**AVAILABLE RECORDS**.
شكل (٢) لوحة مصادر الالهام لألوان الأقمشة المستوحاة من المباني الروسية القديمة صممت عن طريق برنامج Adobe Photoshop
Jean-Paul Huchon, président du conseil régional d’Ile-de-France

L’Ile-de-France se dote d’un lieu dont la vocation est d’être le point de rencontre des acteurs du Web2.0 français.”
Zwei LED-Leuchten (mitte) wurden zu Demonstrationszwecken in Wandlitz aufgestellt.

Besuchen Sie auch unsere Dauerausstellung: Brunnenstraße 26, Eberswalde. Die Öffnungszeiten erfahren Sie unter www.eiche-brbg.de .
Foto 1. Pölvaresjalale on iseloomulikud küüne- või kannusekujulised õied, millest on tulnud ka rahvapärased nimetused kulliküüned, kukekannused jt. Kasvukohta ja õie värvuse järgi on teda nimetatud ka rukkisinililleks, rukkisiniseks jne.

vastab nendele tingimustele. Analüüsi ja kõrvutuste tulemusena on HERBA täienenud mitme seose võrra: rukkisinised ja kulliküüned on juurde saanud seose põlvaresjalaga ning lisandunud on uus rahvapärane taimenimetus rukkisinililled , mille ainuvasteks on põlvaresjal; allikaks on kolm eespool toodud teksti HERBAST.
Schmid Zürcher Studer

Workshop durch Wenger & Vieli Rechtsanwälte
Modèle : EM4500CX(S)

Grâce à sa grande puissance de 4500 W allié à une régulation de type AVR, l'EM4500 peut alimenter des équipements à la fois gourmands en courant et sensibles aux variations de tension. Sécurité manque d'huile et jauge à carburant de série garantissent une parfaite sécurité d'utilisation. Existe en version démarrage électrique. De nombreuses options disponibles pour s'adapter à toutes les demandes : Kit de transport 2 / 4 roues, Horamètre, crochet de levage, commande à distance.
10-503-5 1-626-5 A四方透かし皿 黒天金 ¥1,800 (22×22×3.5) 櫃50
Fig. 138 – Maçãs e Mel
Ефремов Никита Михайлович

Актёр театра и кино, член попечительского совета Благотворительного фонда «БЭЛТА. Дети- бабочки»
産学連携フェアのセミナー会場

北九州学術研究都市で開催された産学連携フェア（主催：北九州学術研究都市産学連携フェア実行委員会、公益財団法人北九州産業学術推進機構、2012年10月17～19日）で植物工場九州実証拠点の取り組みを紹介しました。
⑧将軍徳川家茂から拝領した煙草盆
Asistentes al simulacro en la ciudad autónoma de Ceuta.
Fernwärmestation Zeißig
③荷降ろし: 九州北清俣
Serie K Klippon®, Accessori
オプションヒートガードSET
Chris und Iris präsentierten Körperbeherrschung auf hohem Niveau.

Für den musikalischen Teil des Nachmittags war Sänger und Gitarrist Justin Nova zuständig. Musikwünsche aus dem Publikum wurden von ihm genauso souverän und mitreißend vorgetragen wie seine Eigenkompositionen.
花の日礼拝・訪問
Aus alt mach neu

* * *

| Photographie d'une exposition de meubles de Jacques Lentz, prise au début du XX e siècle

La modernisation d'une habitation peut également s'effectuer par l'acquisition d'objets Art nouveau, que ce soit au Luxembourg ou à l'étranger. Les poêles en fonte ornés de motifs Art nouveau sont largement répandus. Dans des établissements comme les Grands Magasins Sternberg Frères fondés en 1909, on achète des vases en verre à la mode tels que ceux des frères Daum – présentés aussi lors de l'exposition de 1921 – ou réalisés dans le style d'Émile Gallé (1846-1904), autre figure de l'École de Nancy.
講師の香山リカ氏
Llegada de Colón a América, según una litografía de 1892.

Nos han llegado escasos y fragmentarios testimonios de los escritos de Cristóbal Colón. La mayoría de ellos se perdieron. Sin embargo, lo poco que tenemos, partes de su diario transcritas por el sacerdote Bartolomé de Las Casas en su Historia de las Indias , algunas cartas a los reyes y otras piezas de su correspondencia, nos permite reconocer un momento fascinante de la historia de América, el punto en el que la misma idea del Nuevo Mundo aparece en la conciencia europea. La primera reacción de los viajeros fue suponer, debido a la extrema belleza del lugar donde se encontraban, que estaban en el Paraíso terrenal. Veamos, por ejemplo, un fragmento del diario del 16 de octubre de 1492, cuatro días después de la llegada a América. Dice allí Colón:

**REQUIRED ACTION**. Above this instruction are the records; retype exactly the lines from the one containing "Chris und Iris" up to and including the one containing "Aus alt mach neu".

**TASK SOLUTION**.
Chris und Iris präsentierten Körperbeherrschung auf hohem Niveau.

Für den musikalischen Teil des Nachmittags war Sänger und Gitarrist Justin Nova zuständig. Musikwünsche aus dem Publikum wurden von ihm genauso souverän und mitreißend vorgetragen wie seine Eigenkompositionen.
花の日礼拝・訪問
Aus alt mach neu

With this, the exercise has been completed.